Genetic epidemiology needed to adapt methods to accommodate these new types of genetic data. Similarly, ideas and hypotheses generated long before DNA markers were available could now be tested with empirical data. Family-based methods such as linkage analysis, transmission disequilibrium tests, and family-based association tests successfully mapped genes for a number of human diseases (27–29). In addition, utilization of existing case-control and cohort studies led to the identification of thousands of genomic risk factors across a wide range of complex common diseases using both candidate gene and GWAS designs (30, 31).
The identification of these genes associated with many complex diseases has not always yielded obvious causal variants in part because most SNPs are in noncoding regions and are merely in linkage disequilibrium (LD) with some unobserved causal variant. Furthermore, these genome-wide significant SNPs combined did not account for the estimated heritability of most common diseases and quantitative phenotypes (32), creating the so-called “missing heritability” issue. Yet the collective implications of GWAS findings (cataloged in https://www.ebi.ac.uk/gwas/) clearly emphasize 2 broad points: 1) most complex phenotypes are influenced by multiple genes, and 2) many genes influence multiple phenotypes. Neither of these broad conclusions is surprising given the biological complexity underlying the pathogenesis of most common, complex diseases. Although the scientific insights provided by large-scale GWAS are indisputable (33, 34), it remains difficult to translate these genetic risk factors to the level of the individual. Implications for medicine and public health are varied and eventually will include improving diagnostics, screening, and risk prediction, as well as identification of multiple genetic risk factors and biomarkers useful in better understanding the underlying biology and possible improvement of treatment and intervention. However, identifying causal alleles remains a major goal of genetic research, and this will require different biological, laboratory, and statistical approaches.
Availability of cost-efficient measurement tools and confirmation of the theory that numerous common variants with small effect sizes contribute to common complex disease risk (35–38) led to relying on ever-larger sample sizes, facilitated by large scientific consortiums. The success of these disease-focused consortia efforts resulted in the emergence of megacohorts, consortiums, and biobanks (UK Biobank, All of Us Cohort, TOPMed Consortium). This has led to more “team science” with large-scale international collaboration of epidemiologists, geneticists, biostatisticians, and clinicians all coming together to share data, results, and standardized tools to identify genes and genetic variants associated with diseases (39).
OTHER -OMICS
The rapid technological advances extend beyond the DNA sequence to other -omics, including epigenomics, transcriptomics, metabolomics, and the microbiome (40). Advances in computational speed have aided our ability to look across the genome to integrate the different ‑omics. They also create the opportunity to test hypotheses about genomics at the tissue and even single-cell level, which moves from the biology of populations to the tissue and even the cellular level while building medical inferences, which must in turn be applied back to individuals and populations.

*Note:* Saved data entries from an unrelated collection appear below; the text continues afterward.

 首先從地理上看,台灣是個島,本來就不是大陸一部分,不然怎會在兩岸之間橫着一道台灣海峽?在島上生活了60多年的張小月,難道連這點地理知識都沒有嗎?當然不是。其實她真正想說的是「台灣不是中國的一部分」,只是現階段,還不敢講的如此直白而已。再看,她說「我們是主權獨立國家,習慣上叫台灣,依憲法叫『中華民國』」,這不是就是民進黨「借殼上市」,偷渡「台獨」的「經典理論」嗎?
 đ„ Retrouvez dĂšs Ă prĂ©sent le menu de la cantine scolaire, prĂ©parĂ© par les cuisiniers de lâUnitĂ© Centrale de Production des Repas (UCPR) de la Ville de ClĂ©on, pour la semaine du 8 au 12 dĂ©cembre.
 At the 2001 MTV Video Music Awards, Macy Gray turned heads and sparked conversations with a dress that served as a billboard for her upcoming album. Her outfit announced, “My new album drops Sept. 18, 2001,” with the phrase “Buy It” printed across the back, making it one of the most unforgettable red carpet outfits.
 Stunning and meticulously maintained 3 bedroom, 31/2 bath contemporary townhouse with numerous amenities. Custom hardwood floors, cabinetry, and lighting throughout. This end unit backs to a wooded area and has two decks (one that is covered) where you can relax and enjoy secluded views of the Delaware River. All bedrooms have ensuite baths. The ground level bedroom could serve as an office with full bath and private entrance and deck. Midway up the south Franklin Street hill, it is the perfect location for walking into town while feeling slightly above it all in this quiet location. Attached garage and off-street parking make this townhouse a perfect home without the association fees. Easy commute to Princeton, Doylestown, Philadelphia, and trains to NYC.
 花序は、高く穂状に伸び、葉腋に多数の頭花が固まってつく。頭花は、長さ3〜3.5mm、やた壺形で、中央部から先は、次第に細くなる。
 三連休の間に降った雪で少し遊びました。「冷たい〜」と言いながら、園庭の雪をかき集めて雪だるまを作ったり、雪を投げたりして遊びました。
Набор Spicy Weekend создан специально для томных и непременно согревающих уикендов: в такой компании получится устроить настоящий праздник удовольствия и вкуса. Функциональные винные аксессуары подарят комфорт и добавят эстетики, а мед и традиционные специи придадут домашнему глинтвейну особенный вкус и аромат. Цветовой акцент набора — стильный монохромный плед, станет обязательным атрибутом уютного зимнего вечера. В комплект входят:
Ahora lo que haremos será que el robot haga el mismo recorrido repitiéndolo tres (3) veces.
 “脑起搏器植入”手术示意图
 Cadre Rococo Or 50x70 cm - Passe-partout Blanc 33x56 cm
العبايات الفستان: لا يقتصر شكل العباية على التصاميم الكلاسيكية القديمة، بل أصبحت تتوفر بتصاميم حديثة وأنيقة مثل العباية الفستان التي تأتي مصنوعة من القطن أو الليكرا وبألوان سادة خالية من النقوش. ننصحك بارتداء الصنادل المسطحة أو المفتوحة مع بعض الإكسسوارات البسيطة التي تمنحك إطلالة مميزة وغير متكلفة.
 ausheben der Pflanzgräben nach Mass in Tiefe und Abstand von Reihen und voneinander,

One of the major challenges since sequencing of the genome has been trying to understand how genes function. The Encyclopedia of DNA Elements (ENCODE) Consortium was designed to enable understanding of the way the genome functions and identified biologically active regions of the genome outside of canonical coding regions (41). Measuring which genes are turned on or off has moved from in situ hybridization to reverse-transcriptase quantitative polymerase chain reaction to microarray to RNA-sequencing measurement methods. Our ability to measure gene expression levels across the genome has led to identifying molecular profiles unique to tumor cells, which are now routinely used for diagnosis, prognosis, and treatment of some cancers. Other commonly measured genome-wide epigenetic marks include DNA methylation, chromatin structure, and histone tail modifications. The RoadMap Epigenomics Project and International Human Epigenome Consortium are currently working towards developing a reference map of the epigenome across a large number of cell types (42) to determine interindividual epigenetic variation possibly related to disease. Epigenetic alterations have already been linked to a diverse set of diseases, including cancer and autoimmune, psychiatric, and metabolic diseases. DNA methylation measures at hundreds of loci were found to be related to the biological aging process and led to the development of “epigenetic clock” tools for studying aging and health in populations (43, 44). These clocks have been shown to be associated with adverse health outcomes, including all-cause mortality, cancer, infection with human immunodeficiency virus-1, menopause, and cardiovascular disease (45–49).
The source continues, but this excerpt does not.